Suddenly, she had to find ways to survive with less than half her promised pension. Her situation, she said, echoes the predicament of more and more Americans, like those who took middle-class futures for granted at companies such as General Motors, Delta Airlines and Ford, but who now scramble to get by at jobs paying a fraction of the wages they were used to. She talked of America's social contract being ripped apart but backs off to counsel individual adaptation and seeing life as "a banquet," where we need to savor even unexpected courses.

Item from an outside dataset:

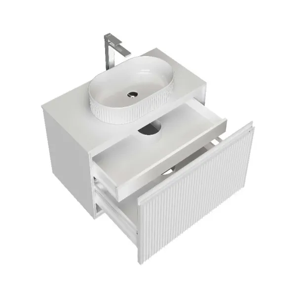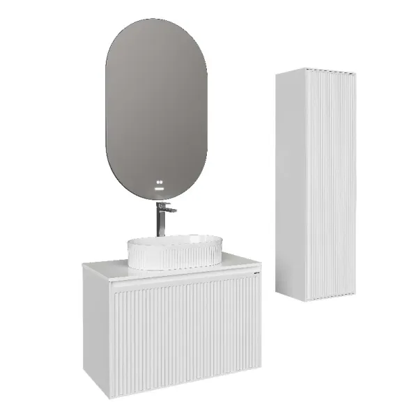 Корпус тумбы выполнен из ЛДСП, фасад - из ЛМДФ в пленке, устойчивых к механическим воздействиям, перепадам температур и высокой влажности.

I recently spoke in Kokomo, Ind., where a major Delphi plant is likely to be closed. My brother-in-law, now eking out a living as a substitute teacher, has been out of full-time work for almost a decade, in part because of a heart condition that would saddle any but the largest employers with prohibitively unaffordable insurance costs. Everywhere I go, I encounter people with once-comfortable lives who are borrowing on their houses, running up their credit cards, losing their health insurance and generally running faster and faster to avoid the economic abyss.
Bartimus highlights a real and urgent problem. The promises on which many have based entire economic lives are no longer being honored. We're increasingly a winner-take-all society, where those at the top gorge on luxury consumption while those at the bottom scramble for crumbs. But the solutions Bartimus counsels are exclusively individual. "The trick," she writes, "is to figure out what comes next," and to focus "on possibilities, not regrets." Maybe, she writes, she'll forge a new future in woodworking.
I hope Bartimus keeps landing on her feet, and I bet she will. People should be optimistic and muster all their resourcefulness, creativity and tenacity while dealing with the hands they're dealt. But we should also work together to help ensure a future where everyone gets dealt a decent hand.
The problems Bartimus describes can't be solved by quietly accepting the global corporate mantra: "It's here. It's the future. Get used to it." It's not our individual decisions that are gutting our pensions, raising medical costs sky high and making our lives on this rich and fruitful Earth increasingly precarious. The economic squeeze faced by everyone except a handful of individuals comes from 30 years of deliberate political choices -- union-busting, regressive tax and trade policies, an eroding minimum wage and a collapse of moral and political restraints on destructive greed. These pressures have been accelerated vastly since President Bush took office.
I worry that by framing the solution totally in terms of individual adaptation, Bartimus steers her readers from the major lesson of the stories she tells: that ordinary citizens must join together and speak out on the larger roots of these problems, on the choices we're allowing to be made in our common name. If we simply accept our fate, some of us will find ways to adapt and survive but many more will fall through the cracks. In a time when we're taking "The Apprentice" as a national model, we need less silent adaptation, not more. Life should indeed be a banquet -- for all of us. Whether we make it so is contingent on our actions.